The Road to Zero Strategy was launched by the UK government in July 2018. This outlines how the government plans to achieve its ambitious goal – by 2040, all newly registered cars will be ultra-low emission (hybrid and battery electric vehicles). Between January 2018 and January 2019 we have seen an impressive 110% increase in electric vehicle (EV) registrations. Despite this, EVs only make up 0.7% of newly registered cars. The question therefore remains – is consumer demand for EVs and ultra-low emission cars rising fast enough to meet the government target?
To understand the trend in rising demand for EVs, firstly, one has to look at the increased public and private efforts to make EV charging part of consumers’ everyday lives. As we discussed in a previous blog, the availability of charging opportunities or ‘range anxiety’ is a key concern for consumers. Two recent developments in England address this fear:
1. Improvements in charging infrastructure:
- Funding to improve coverage: In London multiple funding opportunities are available to boroughs to increase their local charging network, and a number of boroughs have ambitious goals. Westminster aims to increase its network by 25% and Wandsworth wants to build 400 charging plugs in summer 2019.
- Faster charging: Pivot Power works together with National Grid to extend the existing charging network across the UK by developing 45 fast charging sites close to towns and major roads.
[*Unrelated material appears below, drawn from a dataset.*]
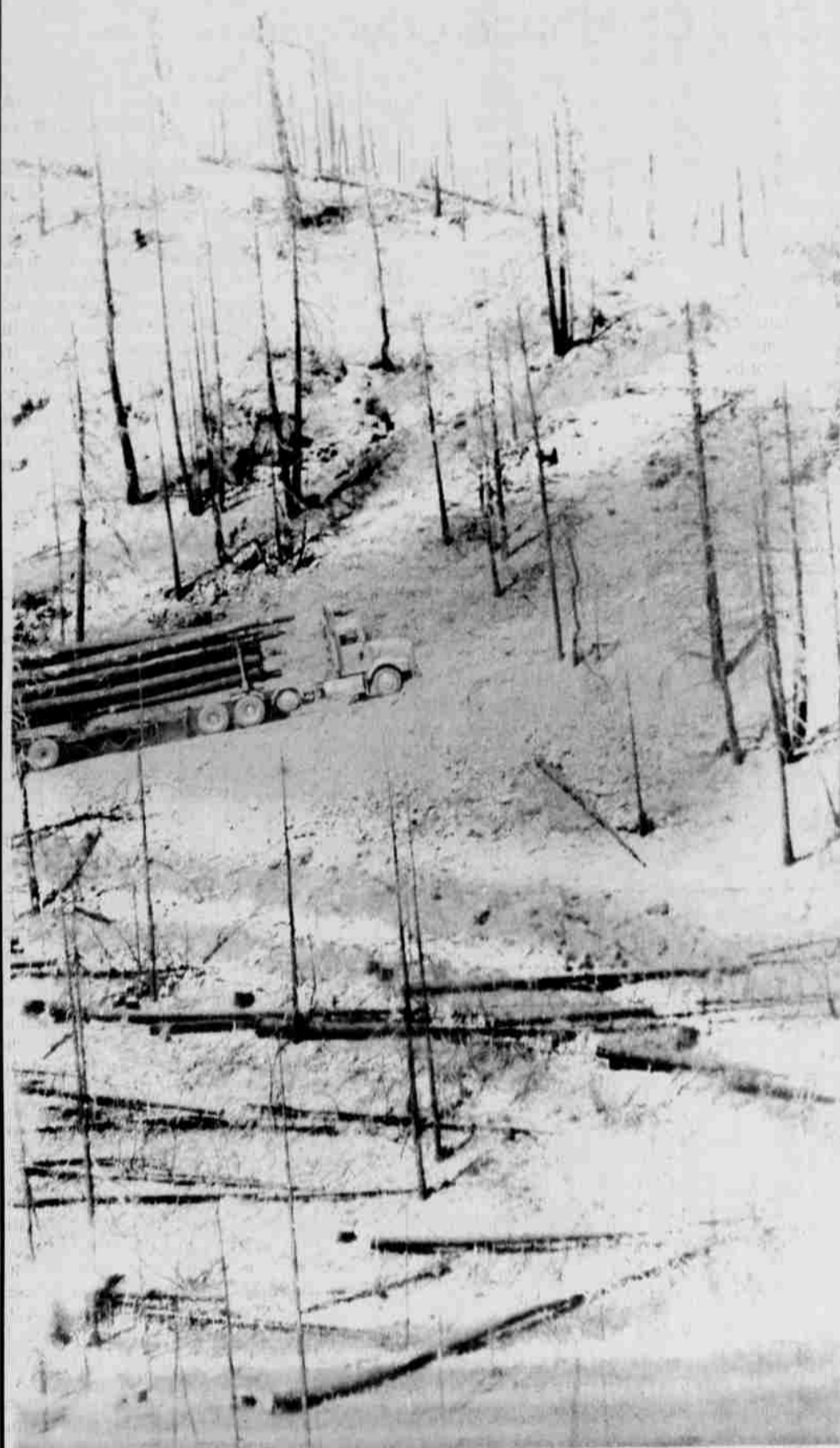
Loaded log trucks travel up steep windy roads before reaching any of the paved roads

Logging started up in the Mutton Mountains June 16 and damaged logs, resulting from the 1996 Simnasho fire, are being hauled out.

- Cheaper and easier access: The scheme Plugged-In Midlands was developed to enable members to have mostly free access to charging stations across the Midlands with one card. The geographic reach has now been extended, giving members access to charging at over 5,000 locations across the UK.
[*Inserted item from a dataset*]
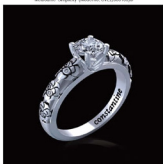
Melbourne 'Deluxe' (Model no. CVL000102)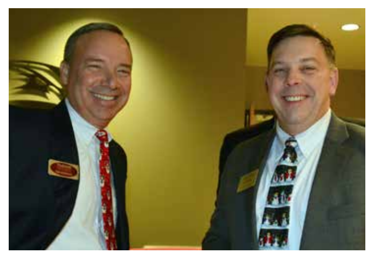
SIUE School of Business & SIUE Athletics, December 18

2. Integrating EVs into everyday lives:
- Charging when going shopping: Volkswagen, Tesco and Pod Point announced that they will be developing the UK’s largest retail electric vehicle charging network, including 2,400 electric vehicle charging bays spread across 600 Tesco stores. This initiative allows individuals to charge their EVs whilst going out shopping, one step towards producing a ‘hassle free’ experience in owning an EV vs. a traditional petrol / diesel car
- Charging at work: IKEA went further and not only provide charging points for their customers, but also their employees. This predominantly free service was introduced together with Ecotricity.
- Infrastructure around charging hubs: More recently, the power infrastructure company Gridserve has released their plans to develop more than 100 ‘electric forecourts’. Developing infrastructures with cafes, supermarkets and airport-style lounges around charging points, which will make the experience of charging more accessible and pleasant.
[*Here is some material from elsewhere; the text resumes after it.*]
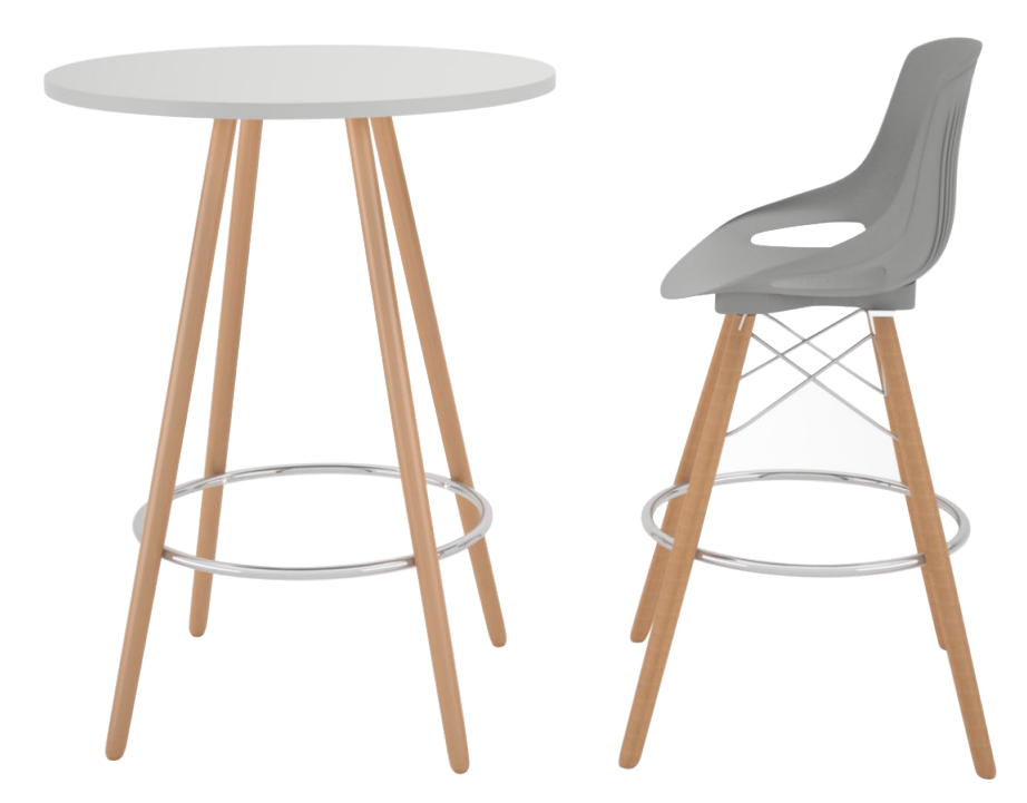
bar height cafe table and bar stool

- Charging at home: while progress might be slow here, this is a crucial part of the jigsaw. EV charging stations integrated into new builds should be a serious consideration for developers.
Making charging more accessible through combined public and private sector efforts may help explain the current trends of increasing EV registrations – but is this enough to reach the government’s target? Looking at current data to predict future EV registration numbers, we have calculated four different potential growth models, illustrated below. Current growth trends in the UK are following a simple linear growth of 0.5% increase in registration numbers. If this trend continues, it will be unlikely that we meet the UK target. Instead, accelerated growth rates are needed. Based on historical development of other technologies it is unlikely that registration numbers will result in exponential growth. Therefore, it is more likely that EV registration numbers will rise in form of an S curve. For this to happen, however, growth rates have to accelerate soon.
Overall, we observe that more people are purchasing EVs, but the share of EVs on the road remains very small. While improving the scale, performance and integration of charging infrastructure into everyday life is a move in the right direction, it is only a small step towards the government’s 2040 goal. To stimulate the market at a more accelerated rate, more infrastructure investment, political incentives and supply-side actions are needed.